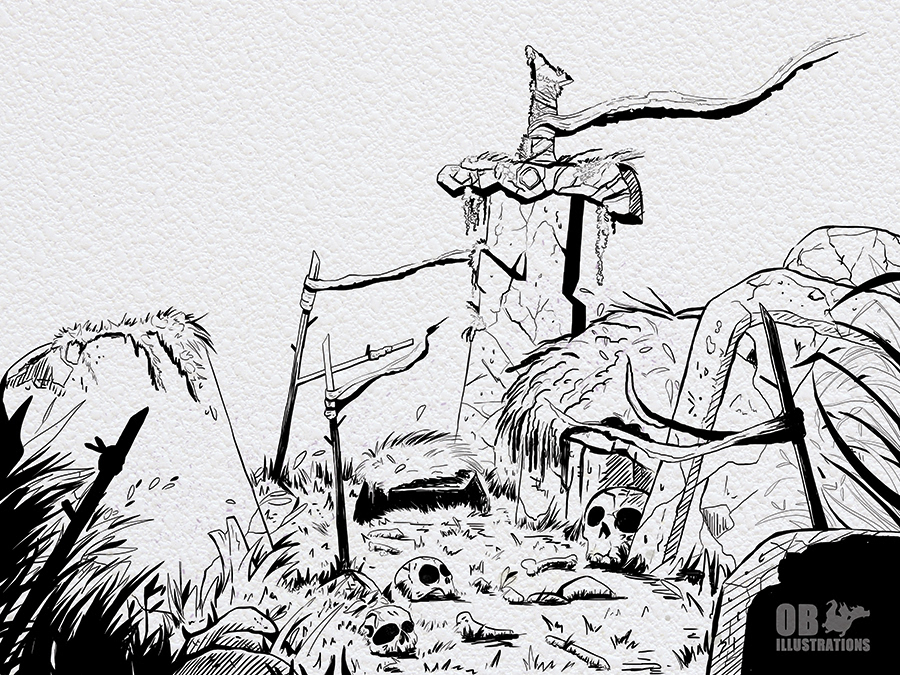 L’atmosphère oscille entre grandeur et abandon : la lumière éclaire la scène d’une douceur trompeuse, contrastant avec les crânes blanchis et l’ombre des ruines lointaines. C’est un monde où la victoire s’est éteinte depuis longtemps, mais où l’écho des légendes continue de vibrer dans la pierre.
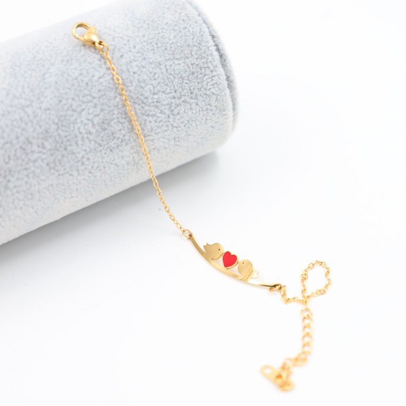 ✅ التصميم: سوار أنيق مزخرف بتصميم “عصفوران” متشابكان، مما يرمز إلى الحرية والجمال في طائرين يطيران معاً. التصميم يلتقط روح الأناقة البسيطة مع لمسة من الفخامة التي يعكسها اللون الذهبي اللامع.
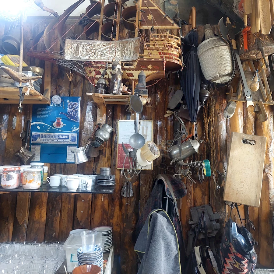 Eski Sanayi Sitesi'nde küçük dükkanında esnafa çay servisi yapan Ildız, çay ocağına gelen müşterilerden, çevredeki esnaftan ve başka illerden topladığı eşyaları iş yerinde sergiliyor.
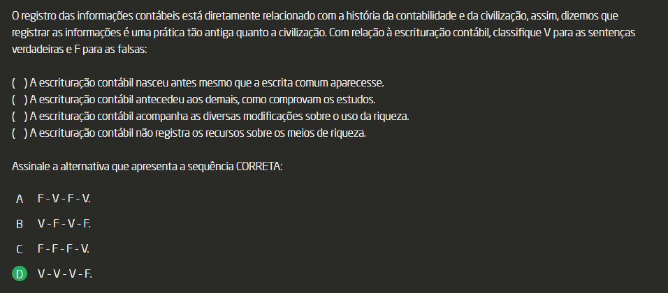 <p>0 registro das informações contábeis está diretamente relacionado com a história da contabilidade e da civilização, assim, dizemos que registrar as informações é uma prática tão antiga quanto a civilização. Com relação à escrituração contábil, classifique V para as sentenças verdadeiras e F para as falsas: ( ) A escrituração contábil nasceu antes mesmo que a escrita comum aparecesse. ( ) A escrituração contábil antecedeu aos demais, como comprovam estudos. ( ) A escrituração contábil acompanha as diversas modificações sobre uso da ( ) A escrituração contábil não registra os recursos sobre os meios de Assinale a alternativa que apresenta a sequência CORRETA: A F-V-F-V B V-F-V-F D</p>
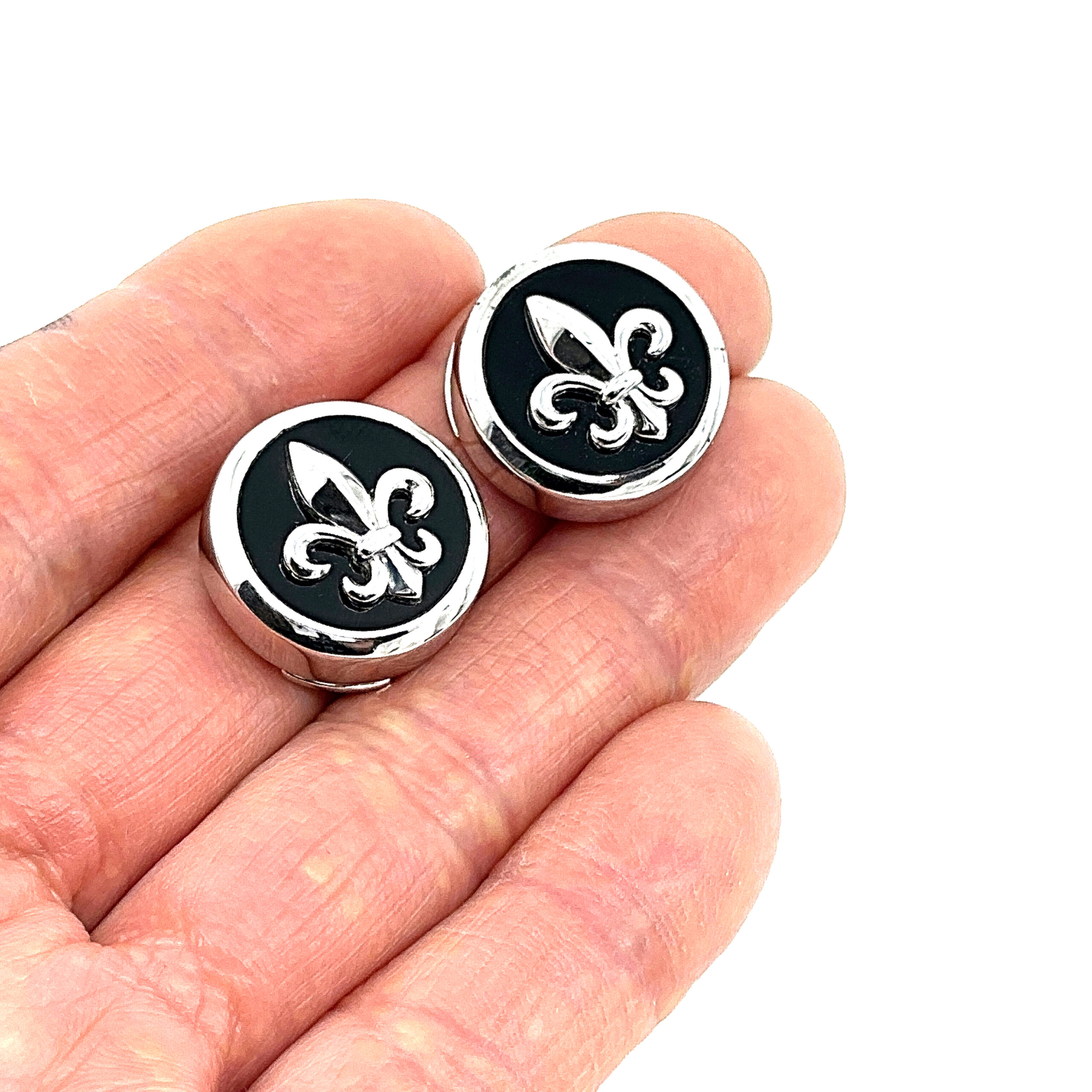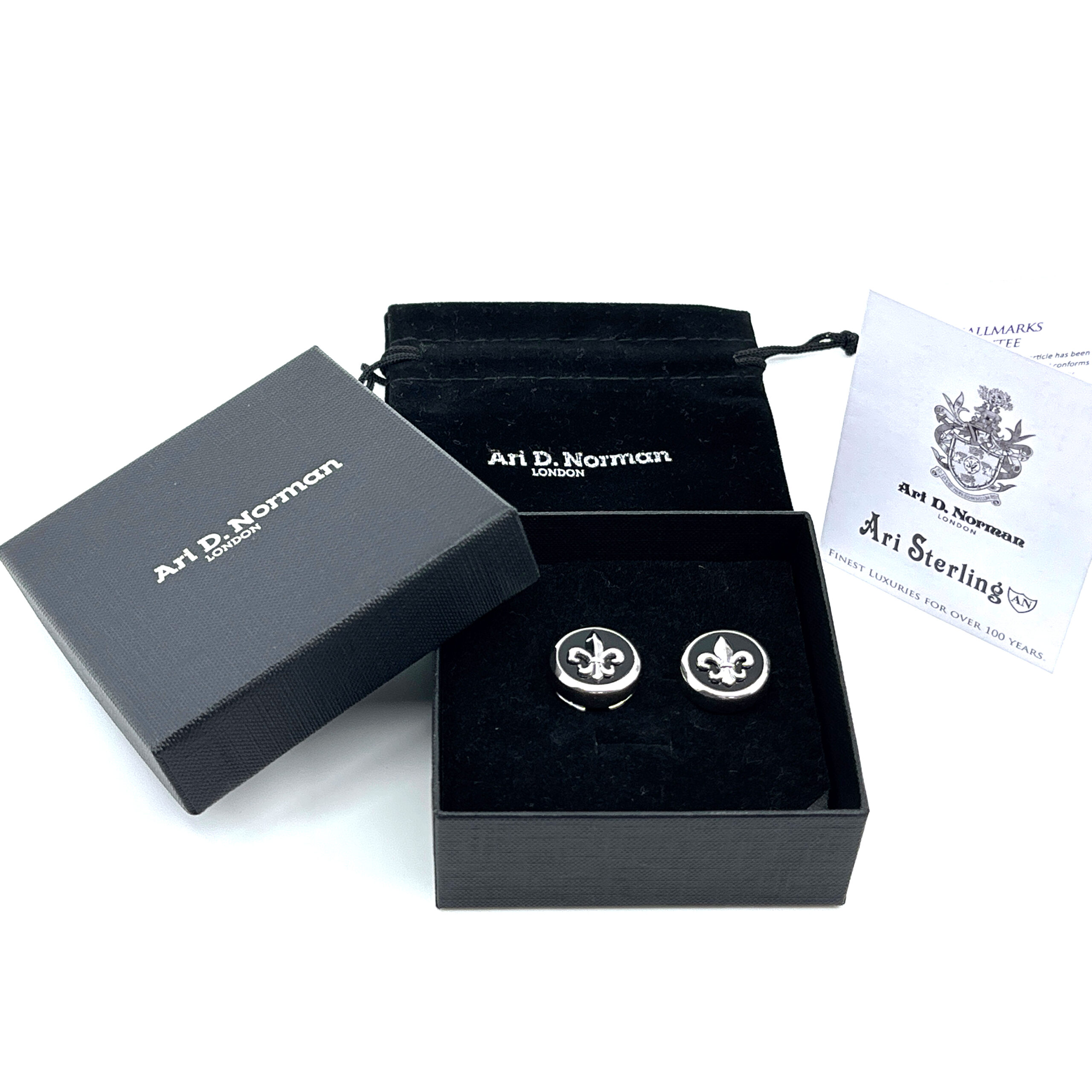 Each piece is handcrafted using traditional silversmithing techniques and carefully finished for a smooth, polished surface. The raised Fleur De Lys motif is precisely formed and set against black enamel, creating depth, clarity, and lasting visual definition.
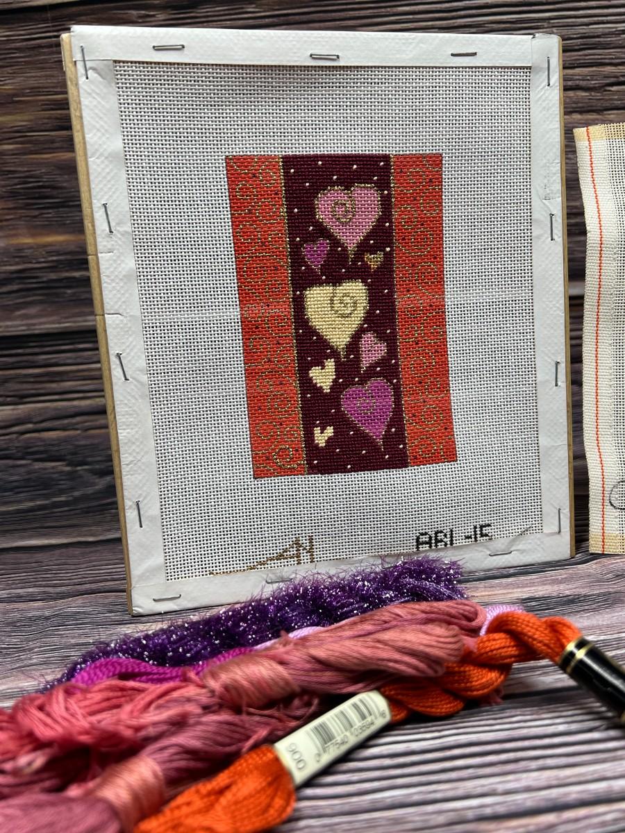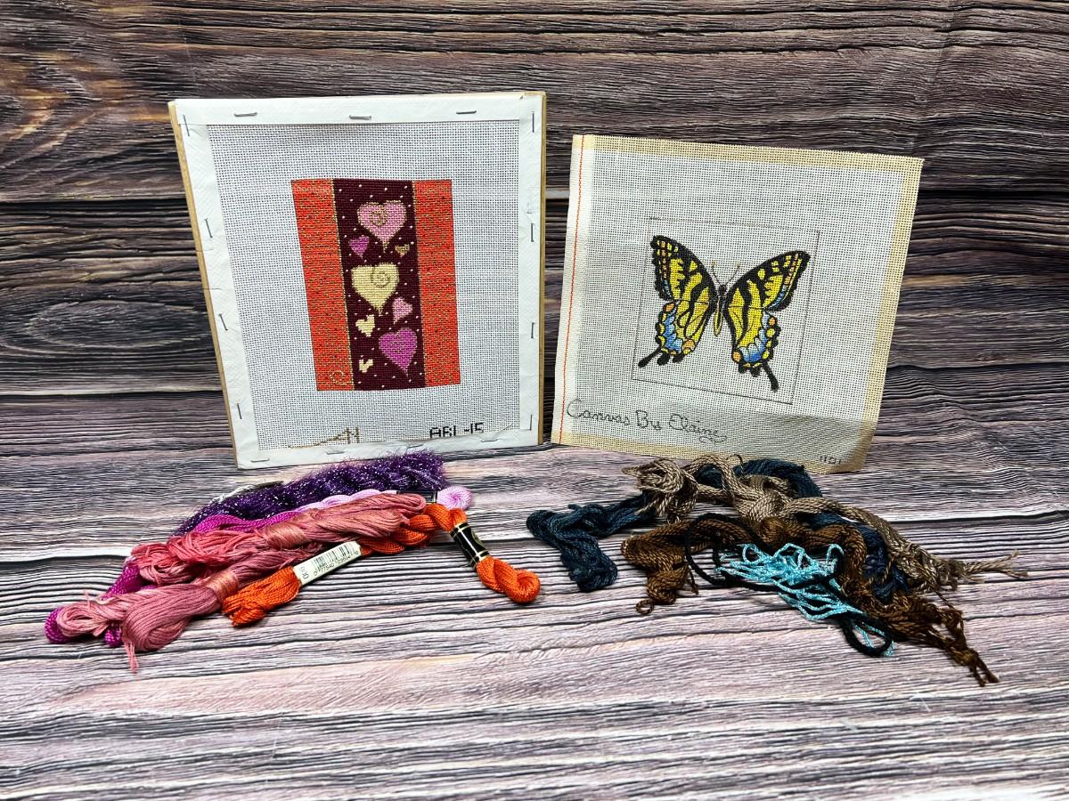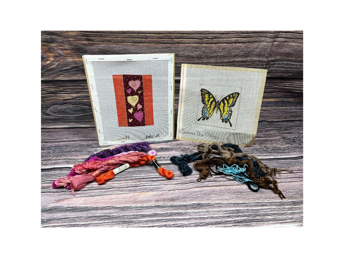 Pair of Small Colorful Needlepoint Design Canvases Cute Hearts & Butterfly with Crafting Yarn
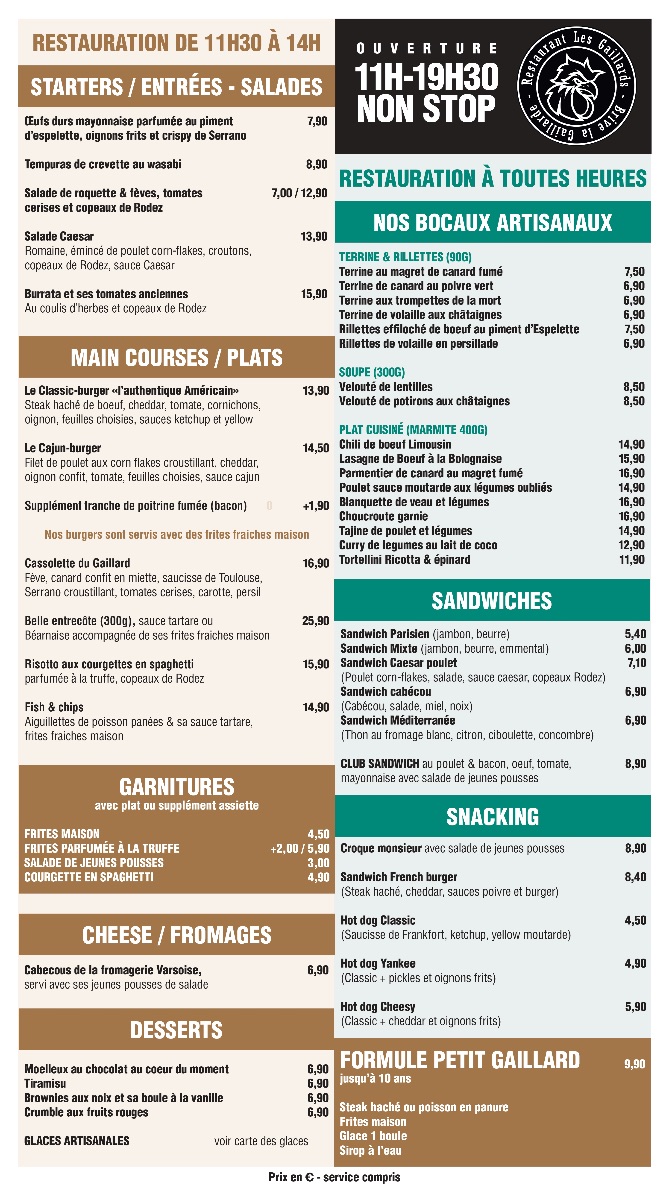 La cuisine est ouverte de 11h30 à 14h, nous porposons aussi un service de restauration à tout heure.
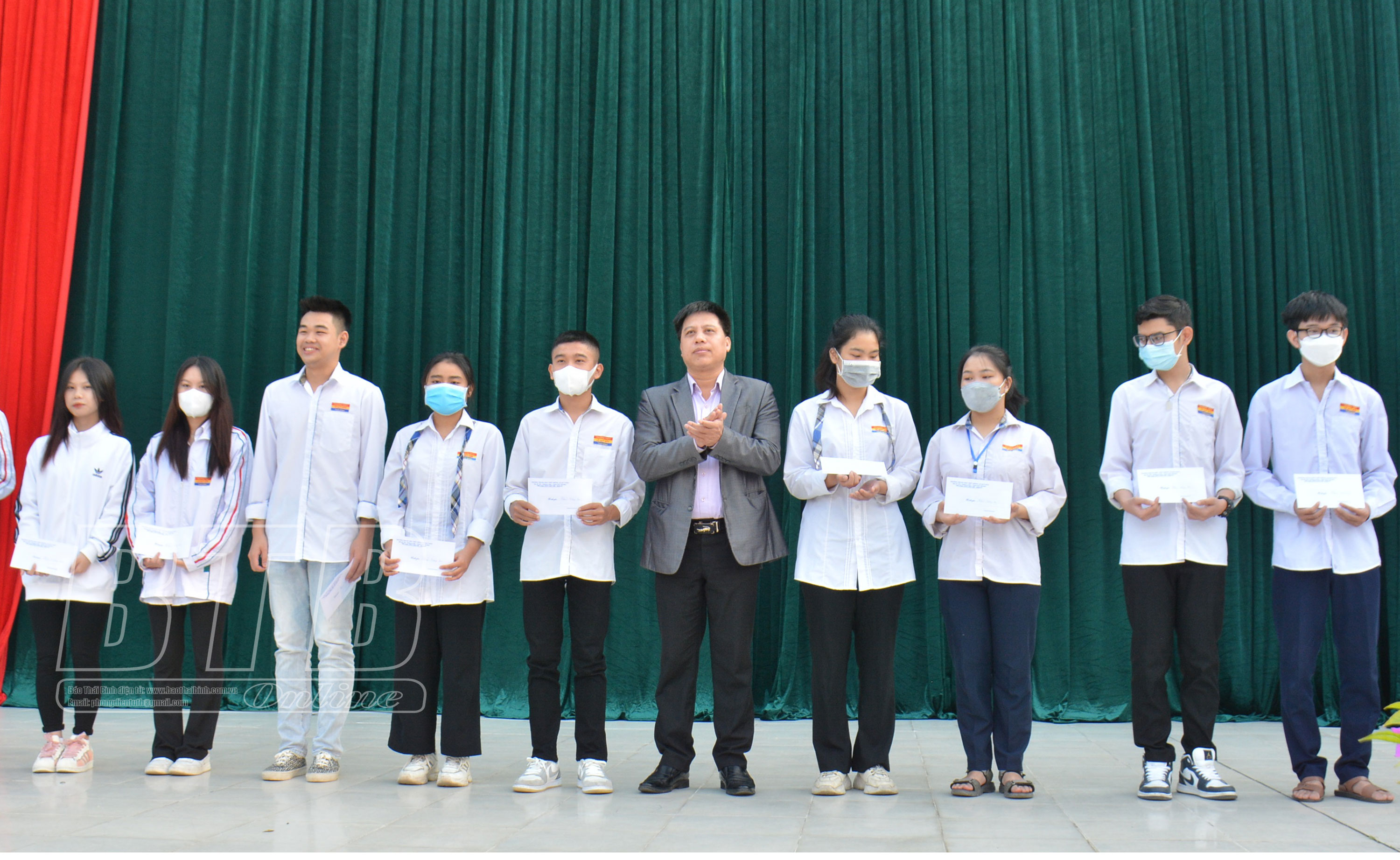Các em học sinh tham gia đội tuyển học sinh giỏi khối 12 có hoàn cảnh khó khăn nhận quà của Đoàn Trường.

Task goal
Your reply must contain each entry exactly as written and no pictures.

Response to this exercise
 L’atmosphère oscille entre grandeur et abandon : la lumière éclaire la scène d’une douceur trompeuse, contrastant avec les crânes blanchis et l’ombre des ruines lointaines. C’est un monde où la victoire s’est éteinte depuis longtemps, mais où l’écho des légendes continue de vibrer dans la pierre.
 ✅ التصميم: سوار أنيق مزخرف بتصميم “عصفوران” متشابكان، مما يرمز إلى الحرية والجمال في طائرين يطيران معاً. التصميم يلتقط روح الأناقة البسيطة مع لمسة من الفخامة التي يعكسها اللون الذهبي اللامع.
 Eski Sanayi Sitesi'nde küçük dükkanında esnafa çay servisi yapan Ildız, çay ocağına gelen müşterilerden, çevredeki esnaftan ve başka illerden topladığı eşyaları iş yerinde sergiliyor.
 <p>0 registro das informações contábeis está diretamente relacionado com a história da contabilidade e da civilização, assim, dizemos que registrar as informações é uma prática tão antiga quanto a civilização. Com relação à escrituração contábil, classifique V para as sentenças verdadeiras e F para as falsas: ( ) A escrituração contábil nasceu antes mesmo que a escrita comum aparecesse. ( ) A escrituração contábil antecedeu aos demais, como comprovam estudos. ( ) A escrituração contábil acompanha as diversas modificações sobre uso da ( ) A escrituração contábil não registra os recursos sobre os meios de Assinale a alternativa que apresenta a sequência CORRETA: A F-V-F-V B V-F-V-F D</p>
 Each piece is handcrafted using traditional silversmithing techniques and carefully finished for a smooth, polished surface. The raised Fleur De Lys motif is precisely formed and set against black enamel, creating depth, clarity, and lasting visual definition.
 Pair of Small Colorful Needlepoint Design Canvases Cute Hearts & Butterfly with Crafting Yarn
 La cuisine est ouverte de 11h30 à 14h, nous porposons aussi un service de restauration à tout heure.
Các em học sinh tham gia đội tuyển học sinh giỏi khối 12 có hoàn cảnh khó khăn nhận quà của Đoàn Trường.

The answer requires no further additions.